• **STORED DATA**:
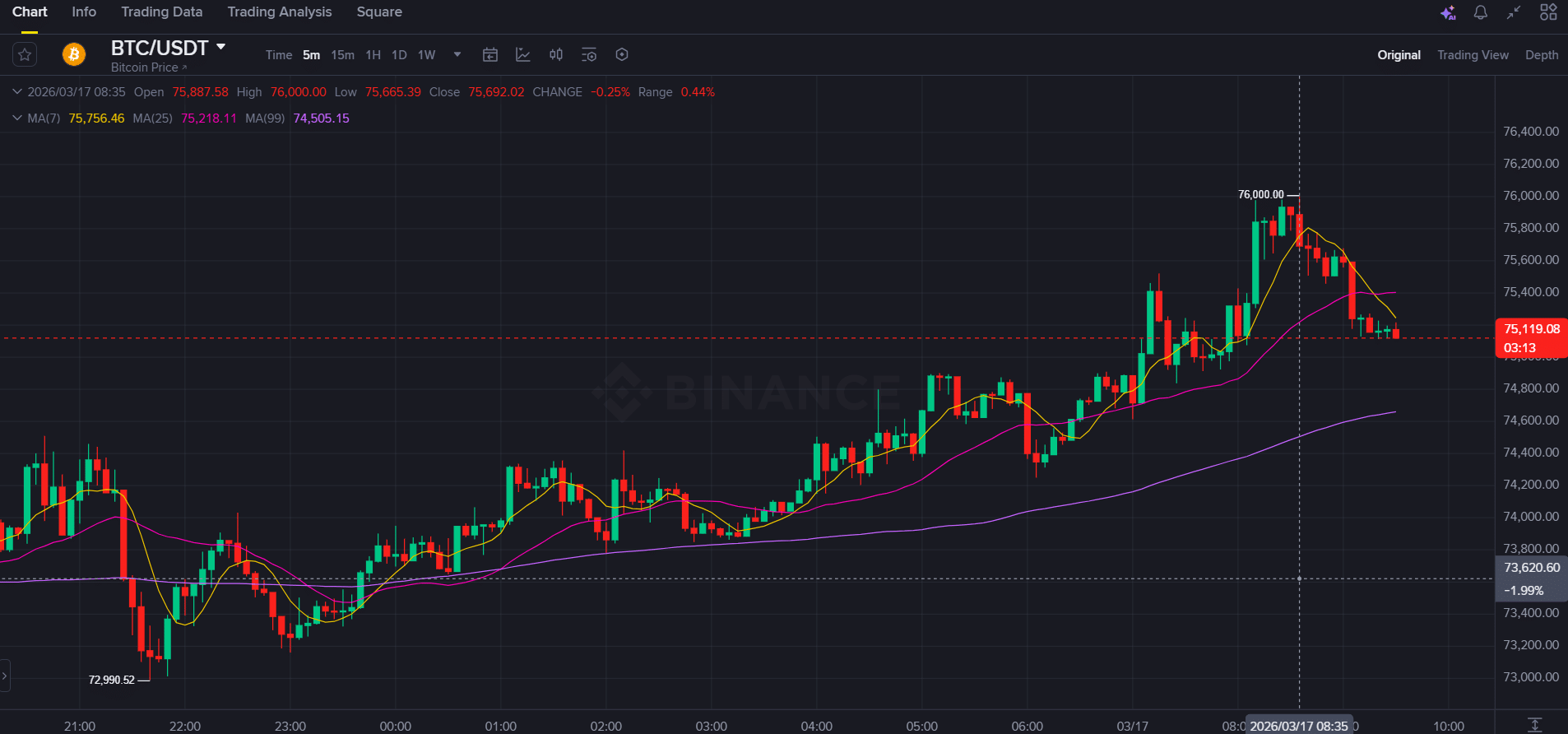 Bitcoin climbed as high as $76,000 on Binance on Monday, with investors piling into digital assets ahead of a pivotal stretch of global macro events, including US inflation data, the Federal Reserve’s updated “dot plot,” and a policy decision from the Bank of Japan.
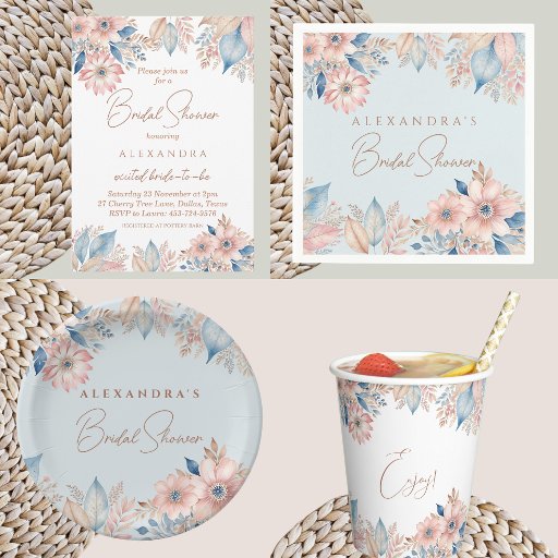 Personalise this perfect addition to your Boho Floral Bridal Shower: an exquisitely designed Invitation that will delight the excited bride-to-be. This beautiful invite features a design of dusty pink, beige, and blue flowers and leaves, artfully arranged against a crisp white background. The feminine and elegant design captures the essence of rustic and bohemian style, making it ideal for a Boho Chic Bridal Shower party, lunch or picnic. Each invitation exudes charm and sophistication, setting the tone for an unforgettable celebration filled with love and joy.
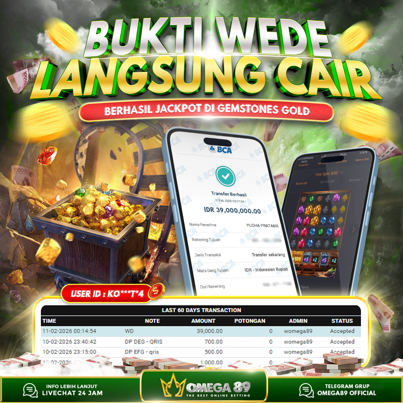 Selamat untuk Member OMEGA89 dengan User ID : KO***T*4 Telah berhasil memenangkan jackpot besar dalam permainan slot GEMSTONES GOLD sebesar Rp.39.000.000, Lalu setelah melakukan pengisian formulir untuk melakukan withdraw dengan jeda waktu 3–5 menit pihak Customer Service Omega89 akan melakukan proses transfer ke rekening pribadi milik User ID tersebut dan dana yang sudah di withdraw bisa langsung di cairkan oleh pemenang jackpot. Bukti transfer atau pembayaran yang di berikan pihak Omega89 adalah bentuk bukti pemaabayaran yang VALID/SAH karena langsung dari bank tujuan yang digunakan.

• **PROBLEM TO SOLVE**:
Reproduce all of the material above word for word. Omit the pictures.

• **OUTPUT OF THE EXERCISE**:
 Bitcoin climbed as high as $76,000 on Binance on Monday, with investors piling into digital assets ahead of a pivotal stretch of global macro events, including US inflation data, the Federal Reserve’s updated “dot plot,” and a policy decision from the Bank of Japan.
 Personalise this perfect addition to your Boho Floral Bridal Shower: an exquisitely designed Invitation that will delight the excited bride-to-be. This beautiful invite features a design of dusty pink, beige, and blue flowers and leaves, artfully arranged against a crisp white background. The feminine and elegant design captures the essence of rustic and bohemian style, making it ideal for a Boho Chic Bridal Shower party, lunch or picnic. Each invitation exudes charm and sophistication, setting the tone for an unforgettable celebration filled with love and joy.
 Selamat untuk Member OMEGA89 dengan User ID : KO***T*4 Telah berhasil memenangkan jackpot besar dalam permainan slot GEMSTONES GOLD sebesar Rp.39.000.000, Lalu setelah melakukan pengisian formulir untuk melakukan withdraw dengan jeda waktu 3–5 menit pihak Customer Service Omega89 akan melakukan proses transfer ke rekening pribadi milik User ID tersebut dan dana yang sudah di withdraw bisa langsung di cairkan oleh pemenang jackpot. Bukti transfer atau pembayaran yang di berikan pihak Omega89 adalah bentuk bukti pemaabayaran yang VALID/SAH karena langsung dari bank tujuan yang digunakan.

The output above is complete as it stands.